Looking beyond the extremes
When evaluating forecast accuracy a few extreme days can skew the picture. Anyone who has compared predicted and actual solar yields knows that unusual weather events like sudden haze freak storms or sensor glitches can produce enormous percentage errors. They tell us something about robustness but they can also drown out the everyday performance we care about most.
That is why I re-ran the analysis of my GTI AI and Fusion forecasts after trimming the top and bottom 3 percent of error values. In other words I capped the most extreme results at the 3rd and 97th percentiles so they would not dominate the statistics. I also removed the unfinished day 2025-08-30 from the dataset since its values are not representative. What remains is a fairer test of everyday forecasting quality.
Counting the winners
Each day I compare the absolute errors of the three forecasts and mark which was closest to reality. With outliers winsorized the distribution of winners looks like this
- Before winsorization Fusion won 54 days AI 61 days and GTI 21 days
- After winsorization Fusion won 52 days AI 63 days and GTI 21 days
Fusion and AI are close but AI edges ahead once the most extreme errors are capped. GTI remains a distant third.
Error distributions
The count of “daily wins” is just one view. Looking at the distribution of errors shows why Fusion still matters.
AI scores more outright wins but its error distribution has longer tails. Fusion’s errors are more tightly clustered which means fewer disastrous misses even if it loses by a small margin more often.
Summary statistics
Numbers tell the story even more clearly. Based on 137 days of complete data the errors look like this
| Forecast | Mean Error (kWh) | Median Error (kWh) | StdDev (kWh) |
|----------|------------------|--------------------|--------------|
| AI | 4.99 | 2.82 | 5.48 |
| GTI | 12.70 | 10.84 | 10.18 |
| Fusion | 4.57 | 3.40 | 4.31 |
As of now we only have 137 days with complete data for GTI AI and Fusion.
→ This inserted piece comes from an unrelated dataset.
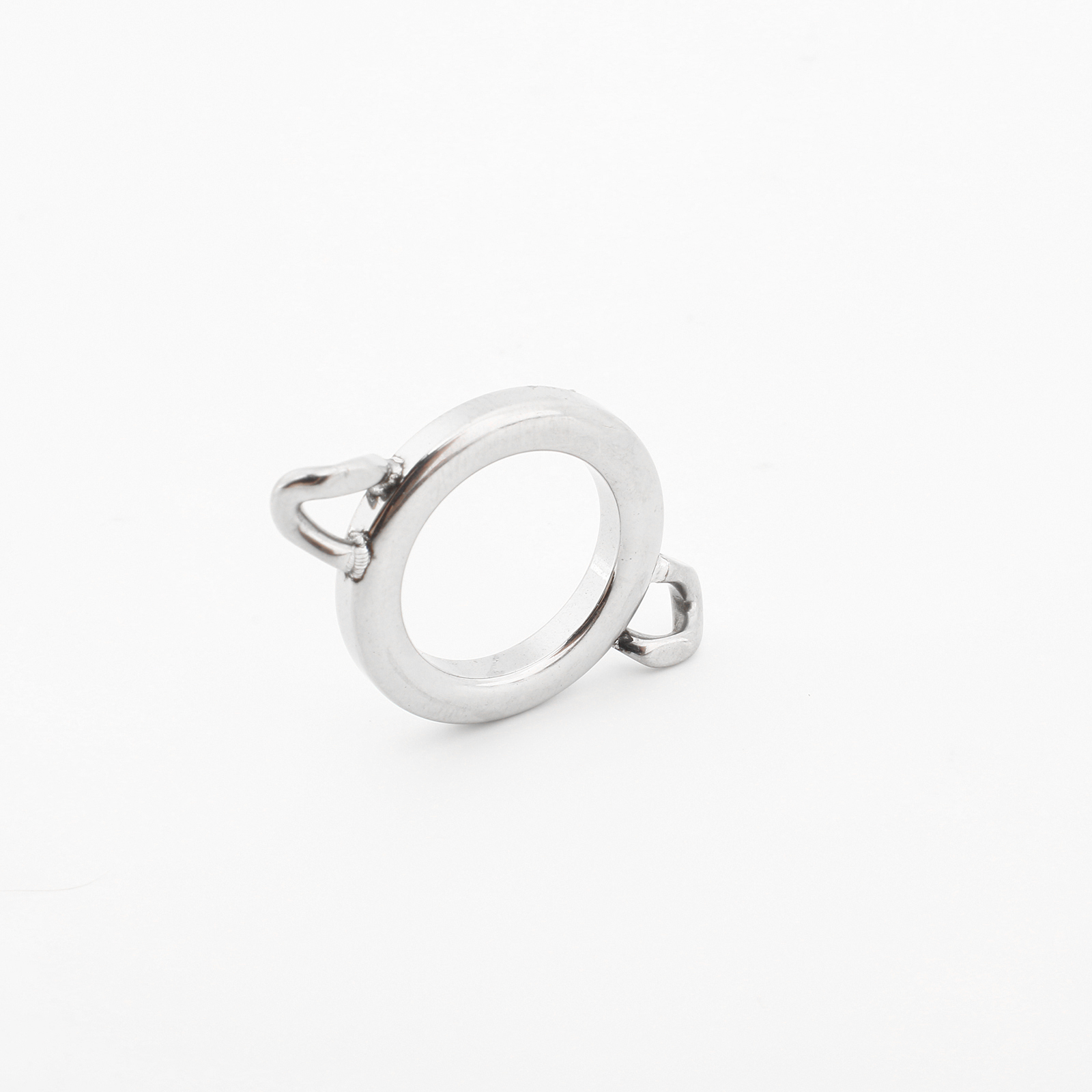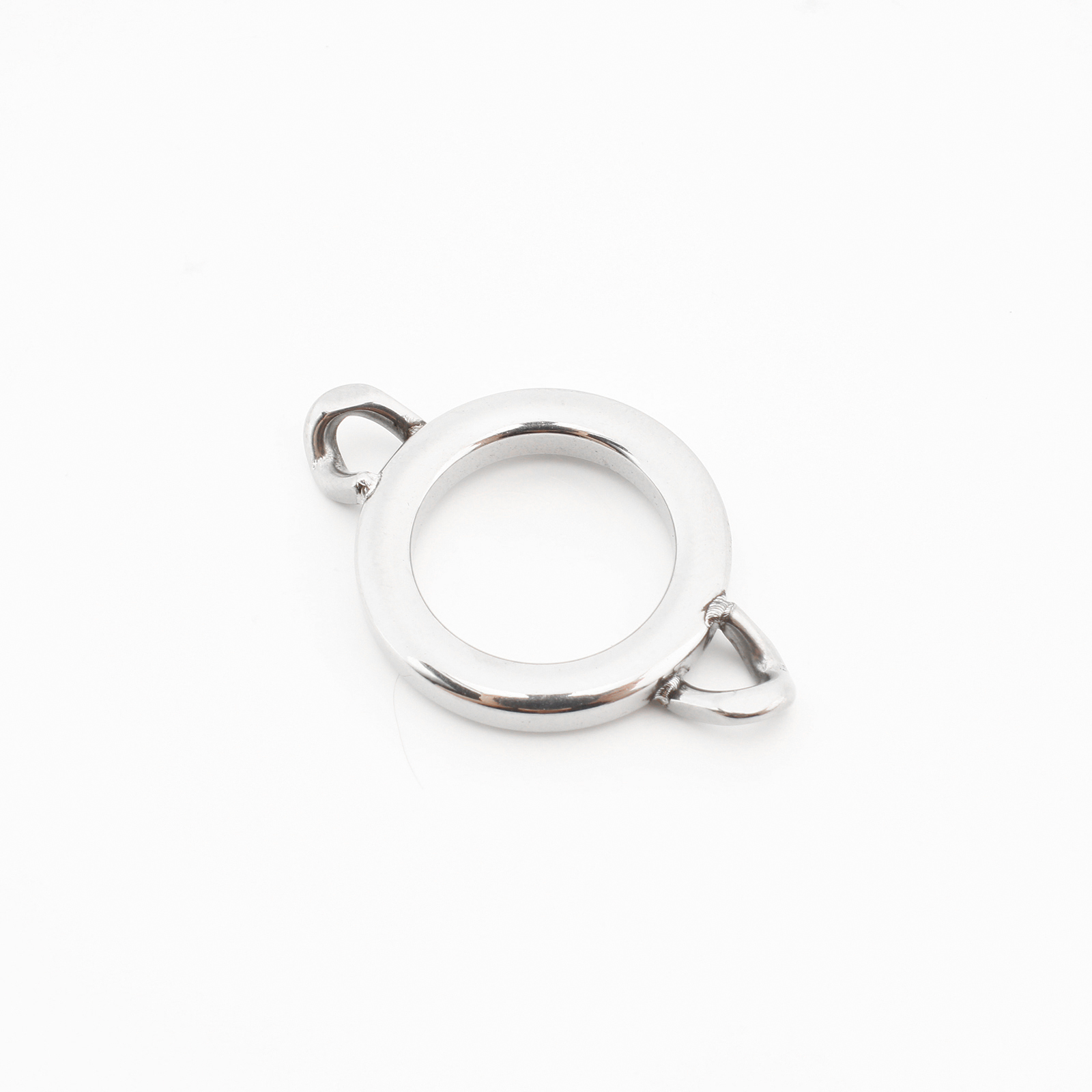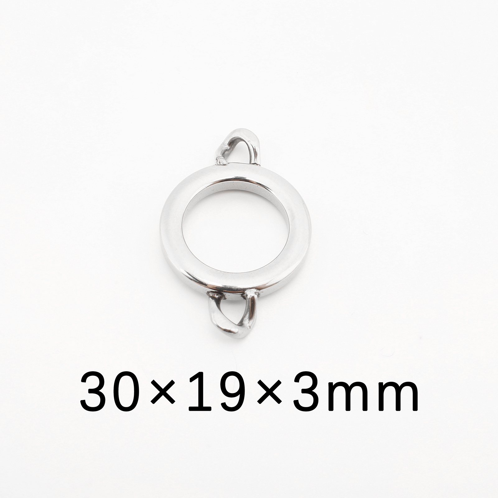 Conector encanto de acero inoxidable, Redondo aplanado, 1/1 aro, color original, 25x30mm, agujero:aproximado 1.5mm, 10PCs/Bolsa, Vendido por Bolsa

I look forward to revisiting these statistics later in the year when the dataset is larger and even more representative.
Why Fusion still matters
Fusion works by blending the learning power of AI with the physics of GTI. It adjusts weights dynamically applies an intercept to correct systematic bias and can fall back to a safe 70 30 split when training data is scarce.
The advantage is that Fusion avoids the most painful misses. AI does win slightly more often under winsorization but its worst days are still worse than Fusions. GTI meanwhile remains reliable but rarely closest.
Climate change and the road ahead
One reason this hybrid approach is so important is the changing climate itself. As the atmosphere warms it is not simply delivering more sun. Instead we are seeing more haze shifting wind patterns and erratic cloud formations. AI tends to interpret rising temperatures as an upward trend in production but it will take years of retraining on new data before AI alone adapts.
Fusion provides resilience right now. By balancing AIs optimism with GTIs physics based anchor it delivers forecasts that are both realistic and robust in the face of climate uncertainty.
Conclusion
When outliers are capped AI wins by a small margin in terms of the sheer number of days closest to reality. But Fusion continues to offer the most balanced performance across the board with fewer dramatic failures and a robustness that makes it the safer bet in everyday use.
The lesson is simple in solar forecasting as in life balance beats extremes. Fusion delivers that balance and in a warming hazier world it is the approach I trust most for planning my daily energy use.